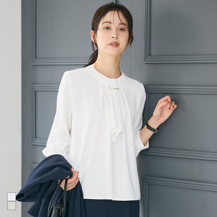 きちんと見え可愛くならないボウタイブラウス?シフォン シャツブ
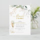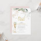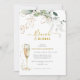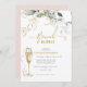 Beleza e diversão com este convite de almoço de champanhe de brunch e Chá de panela borbulhante desenhado com galhos de uísque e eucalipto macio dourados, e um pano de fundo rosa e pincelado na parte de trás da carta. Personalize facilmente com o nome da noiva e outras informações importantes.
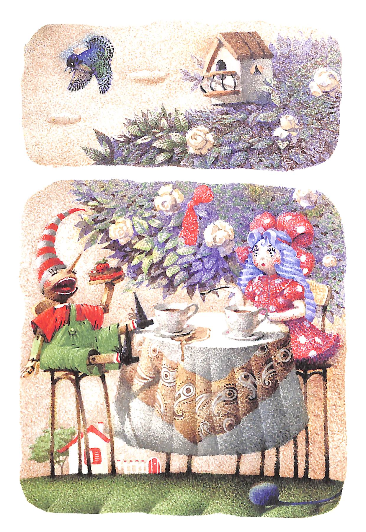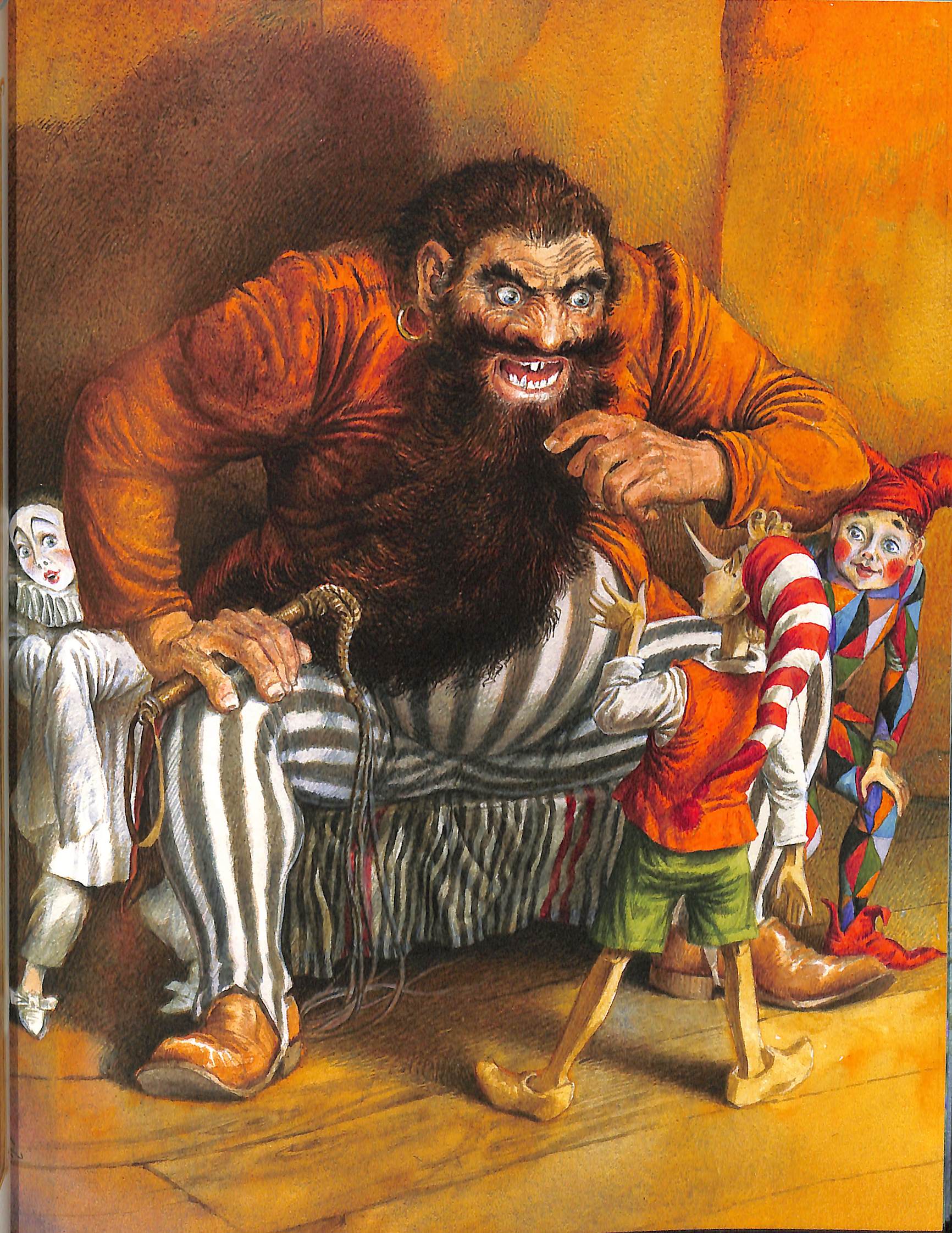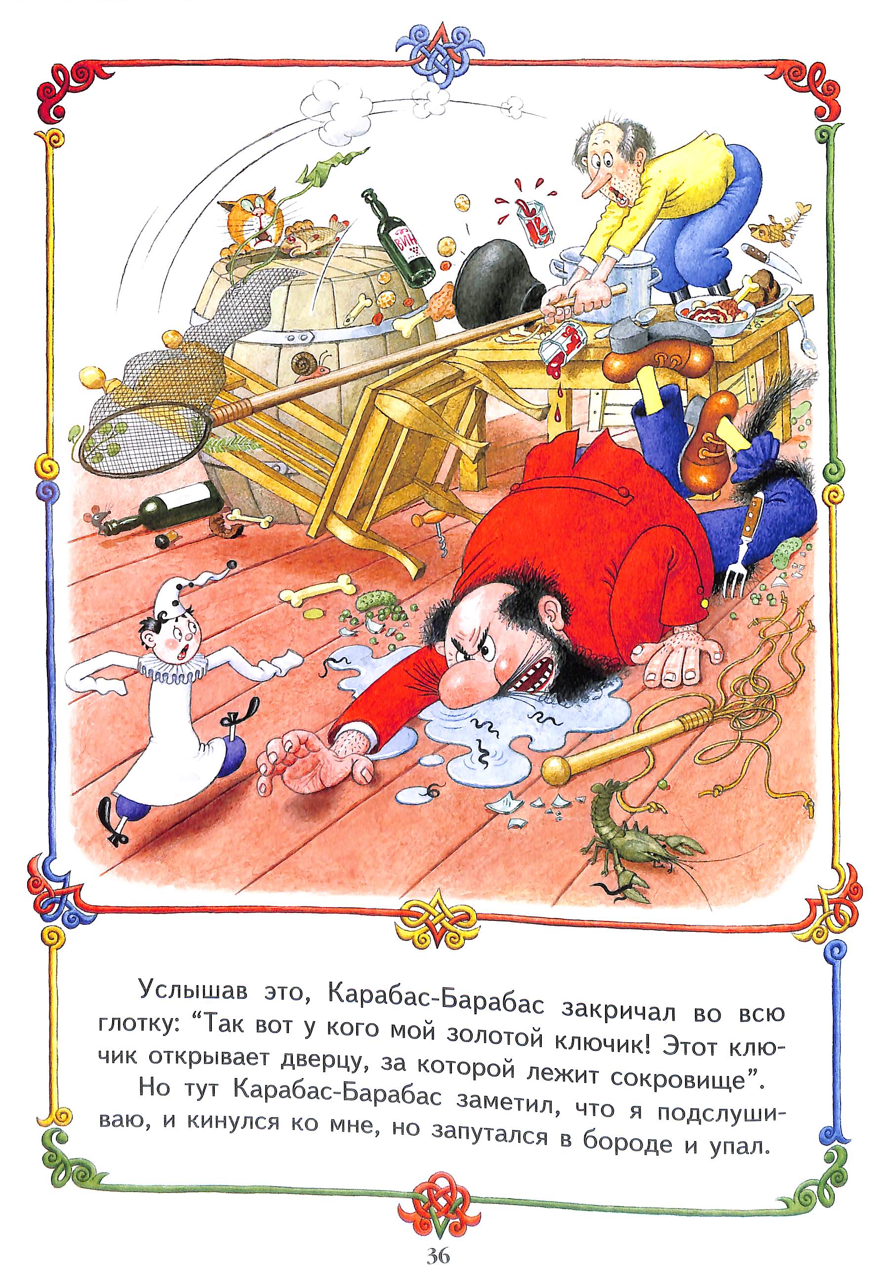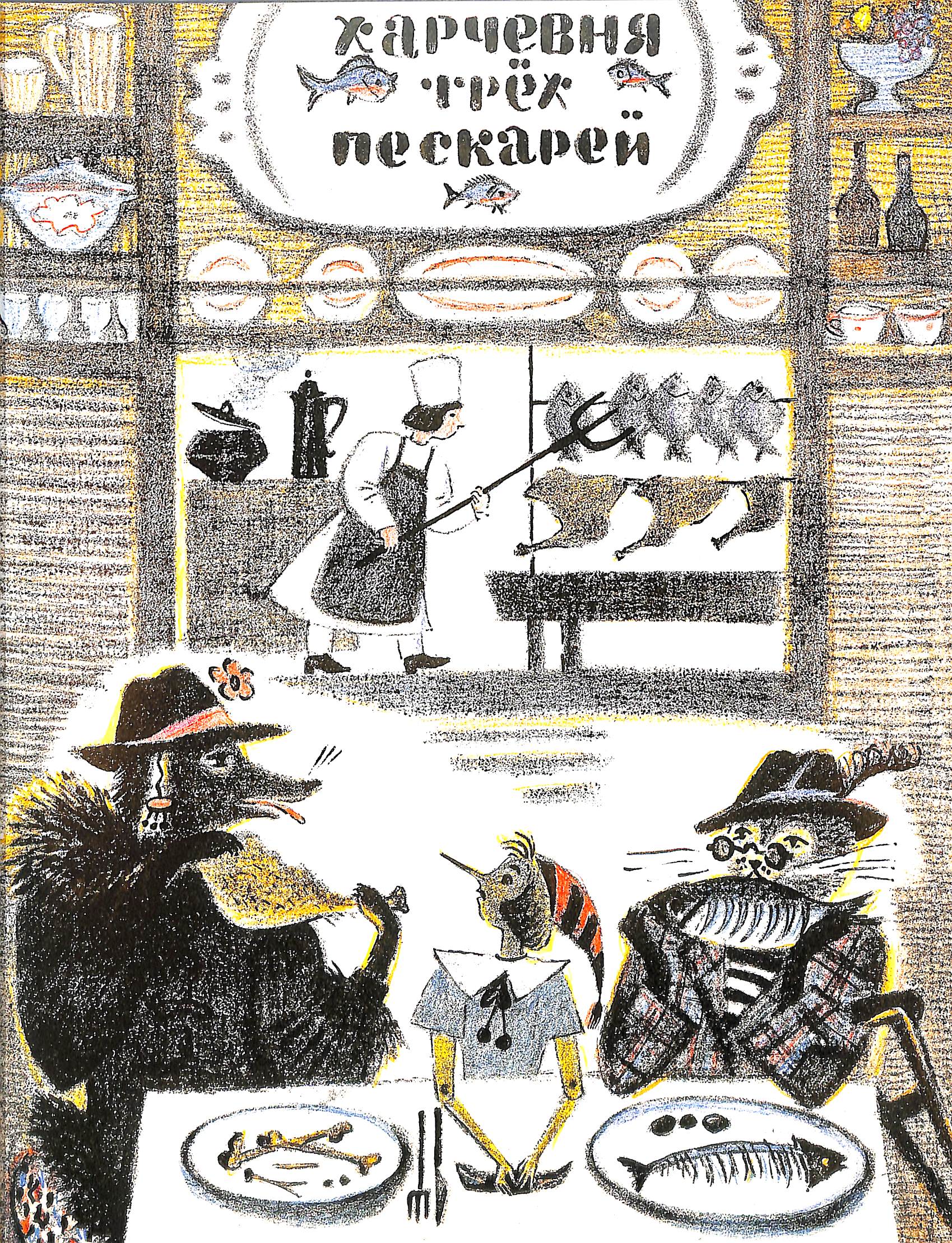 Первое знакомство Буратино с Папой Карло художник вообще опускает. Папа Карло мельком появляется в самом конце в благостной обстановке — неинтересно.
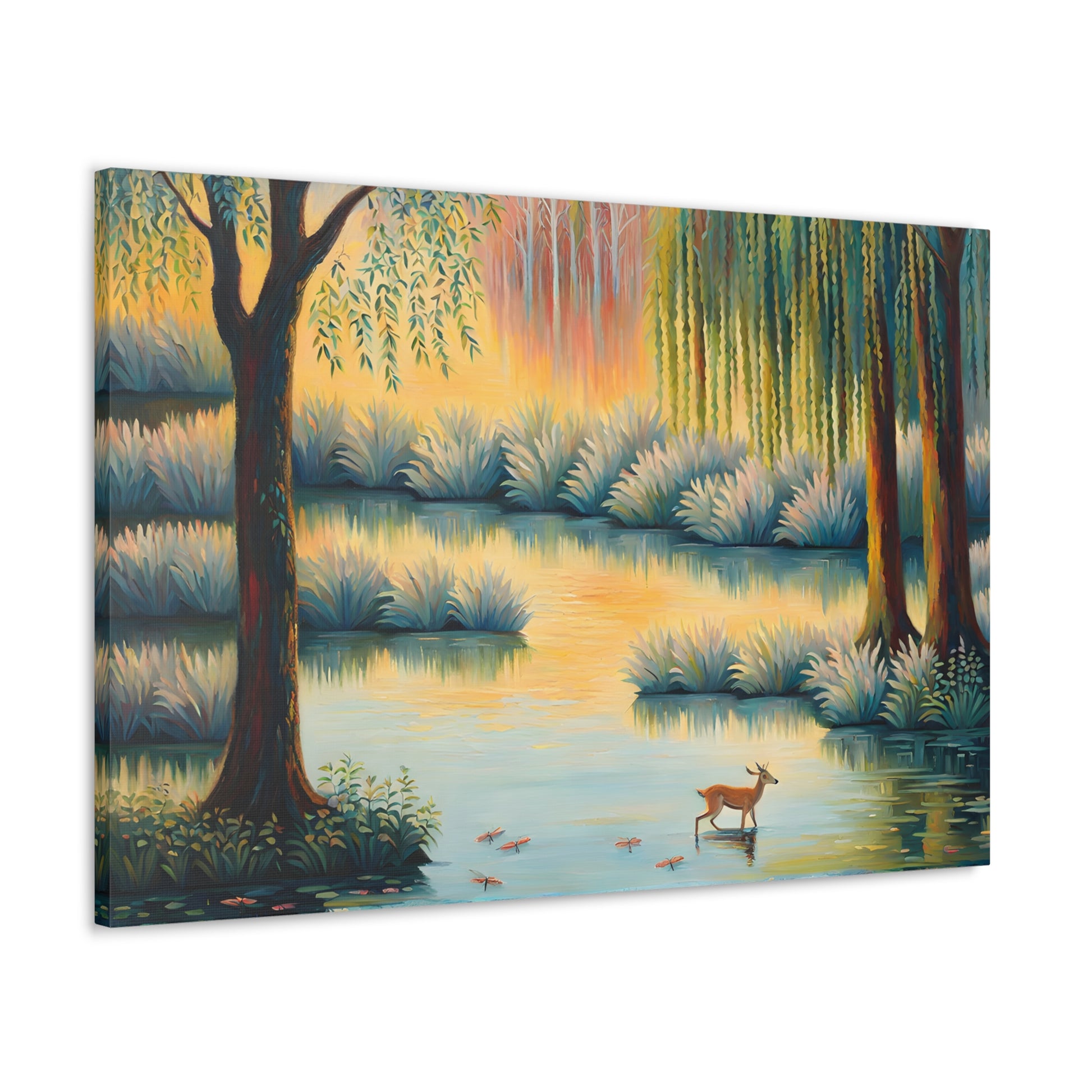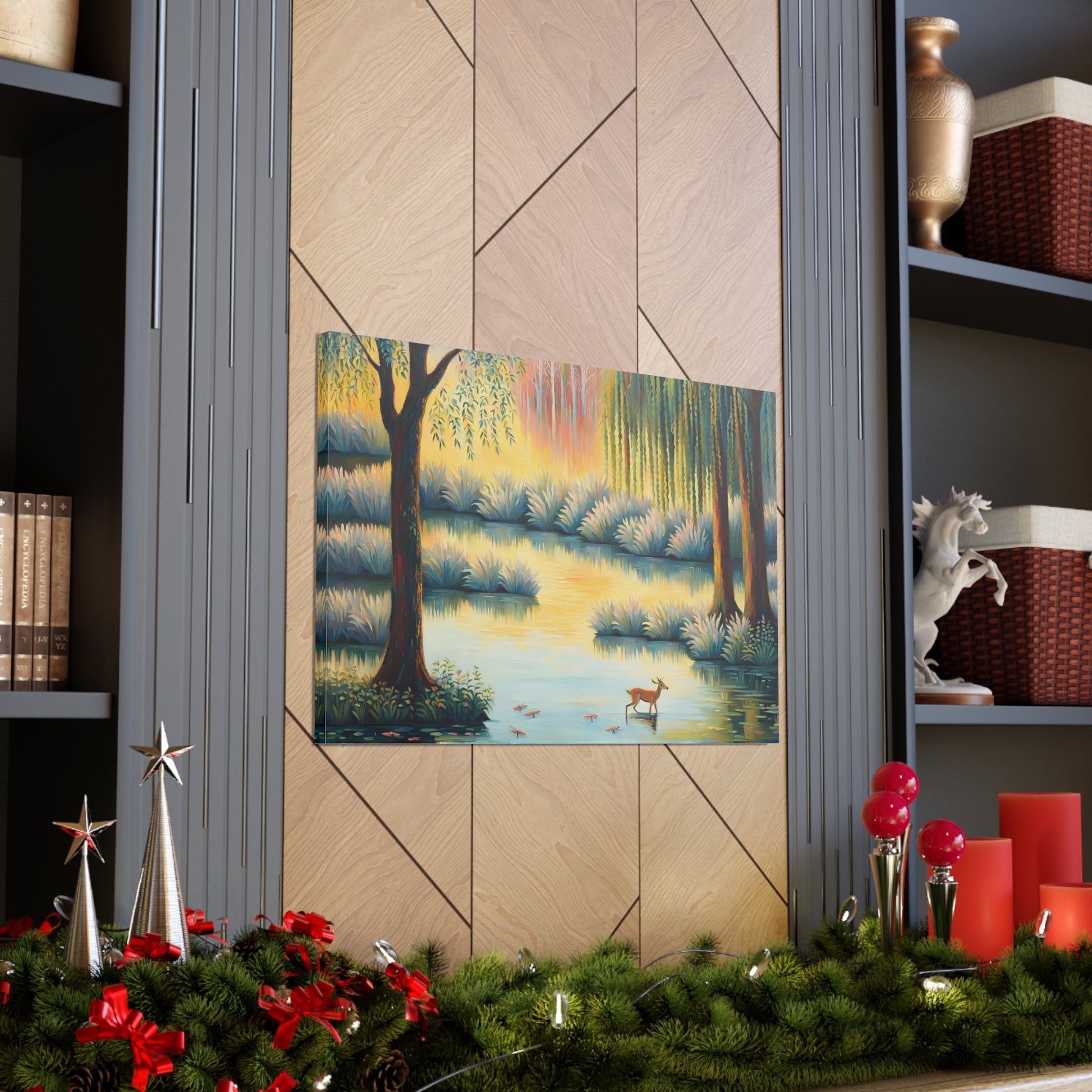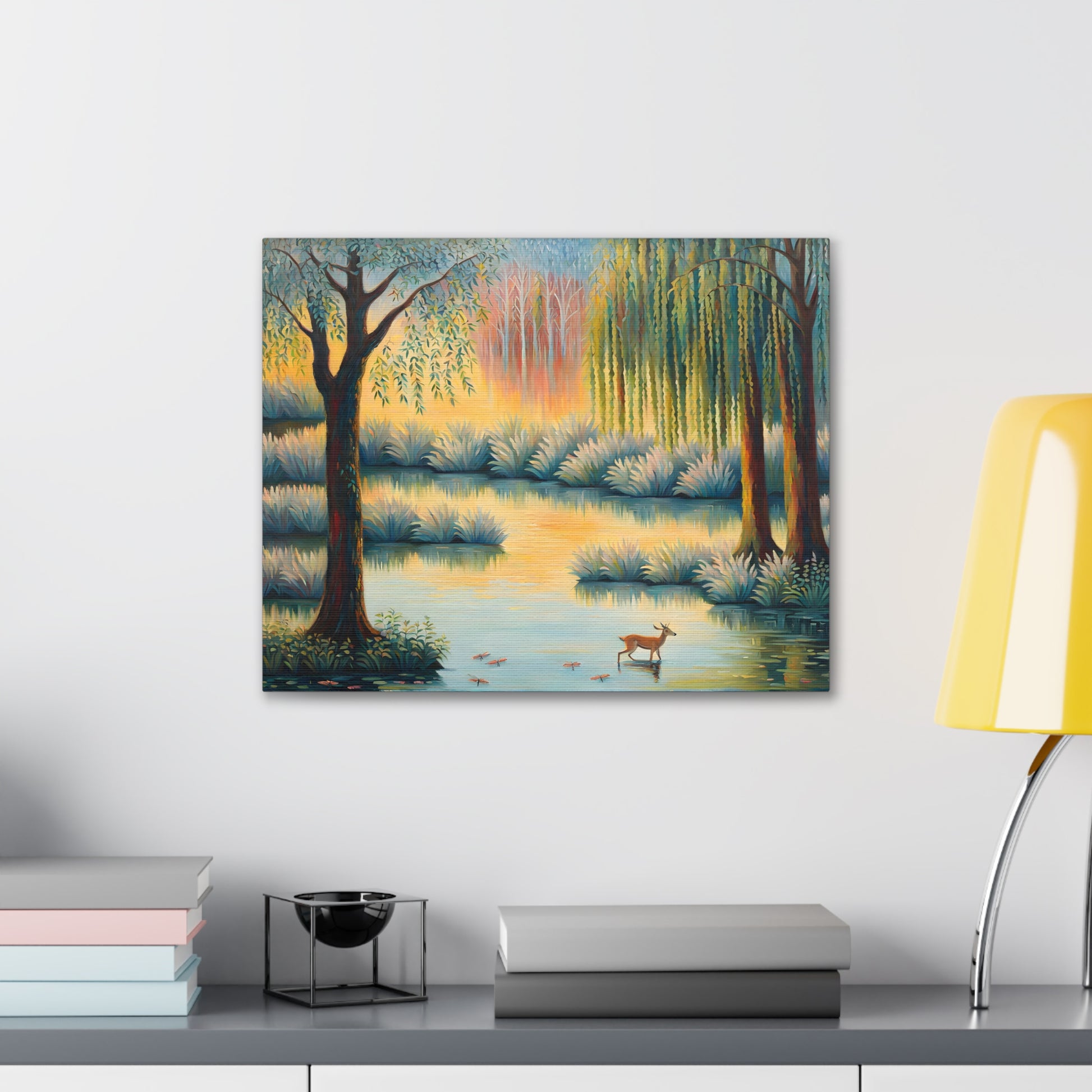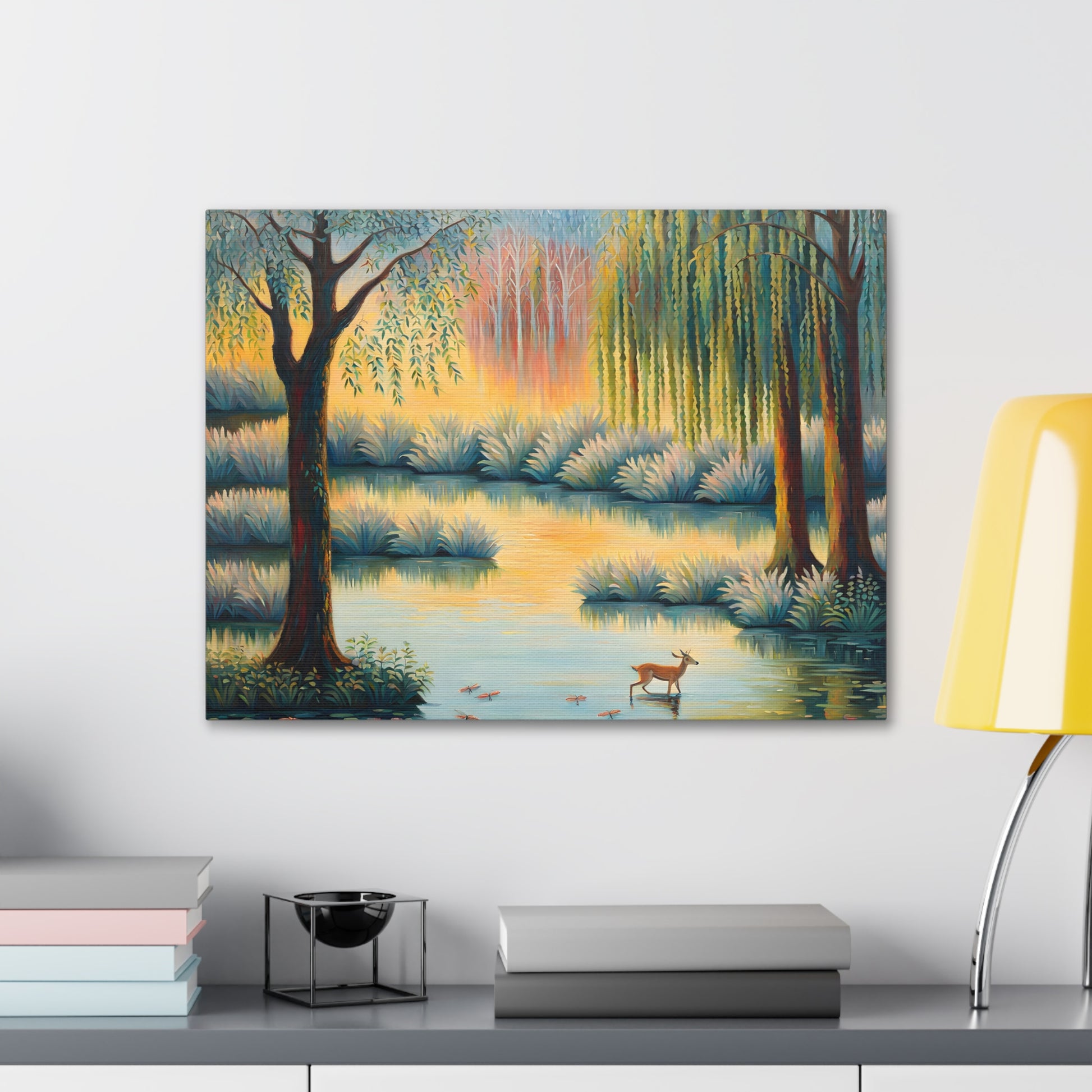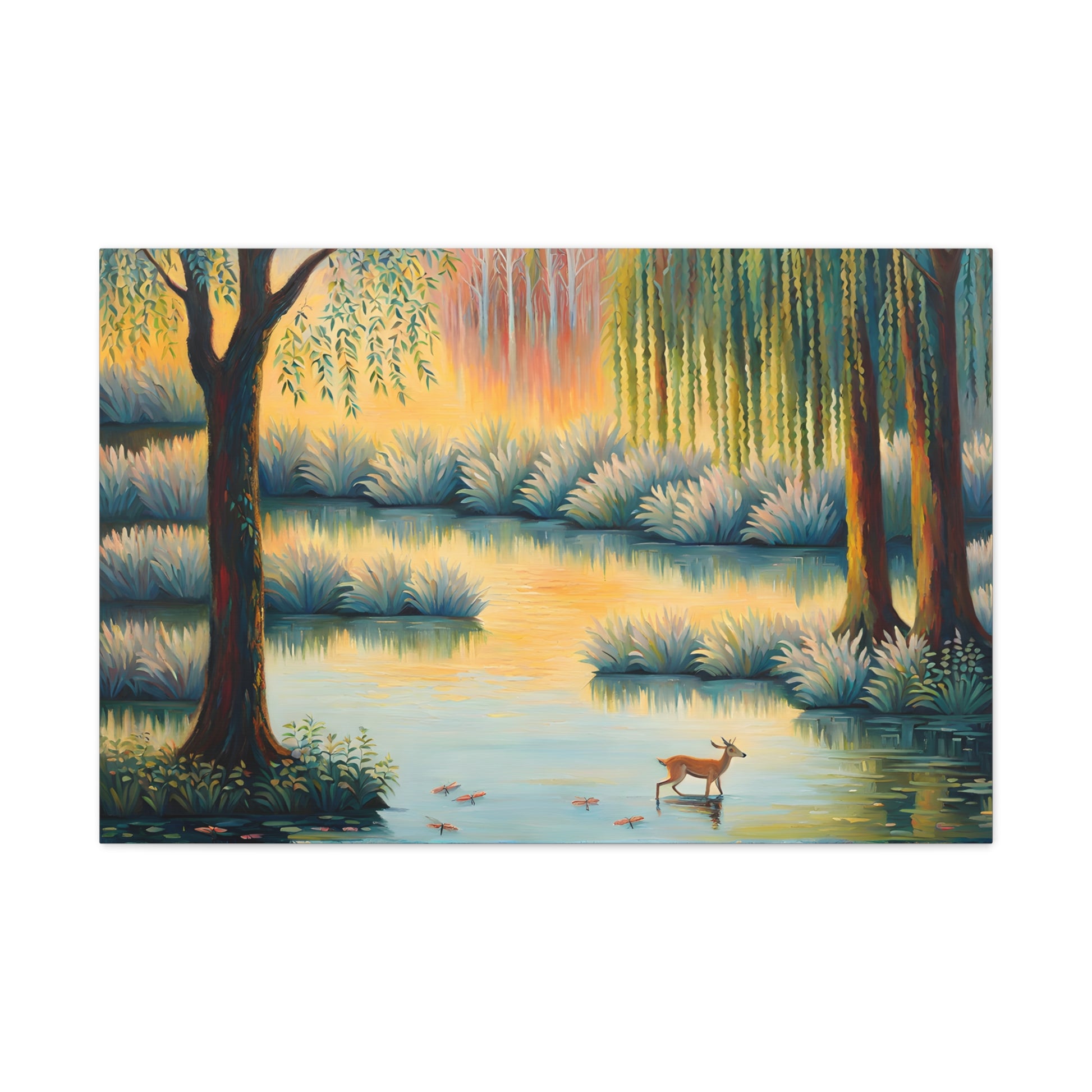 "Delicate Foliage" is a captivating oil painting that brings the gentle beauty of nature into your home. Painted on high-quality cotton canvas, this artwork depicts a serene scene of a deer gracefully wading through a calm stream surrounded by lush greenery and delicate leaves. Perfect for adding a touch of natural charm to any space, this piece is intended for indoor use only.
++++++++++
→ Task instructions: Return the full listing above verbatim, please, but without its images.

→ Task answer:
 きちんと見え可愛くならないボウタイブラウス?シフォン シャツブ
 Beleza e diversão com este convite de almoço de champanhe de brunch e Chá de panela borbulhante desenhado com galhos de uísque e eucalipto macio dourados, e um pano de fundo rosa e pincelado na parte de trás da carta. Personalize facilmente com o nome da noiva e outras informações importantes.
 Первое знакомство Буратино с Папой Карло художник вообще опускает. Папа Карло мельком появляется в самом конце в благостной обстановке — неинтересно.
 "Delicate Foliage" is a captivating oil painting that brings the gentle beauty of nature into your home. Painted on high-quality cotton canvas, this artwork depicts a serene scene of a deer gracefully wading through a calm stream surrounded by lush greenery and delicate leaves. Perfect for adding a touch of natural charm to any space, this piece is intended for indoor use only.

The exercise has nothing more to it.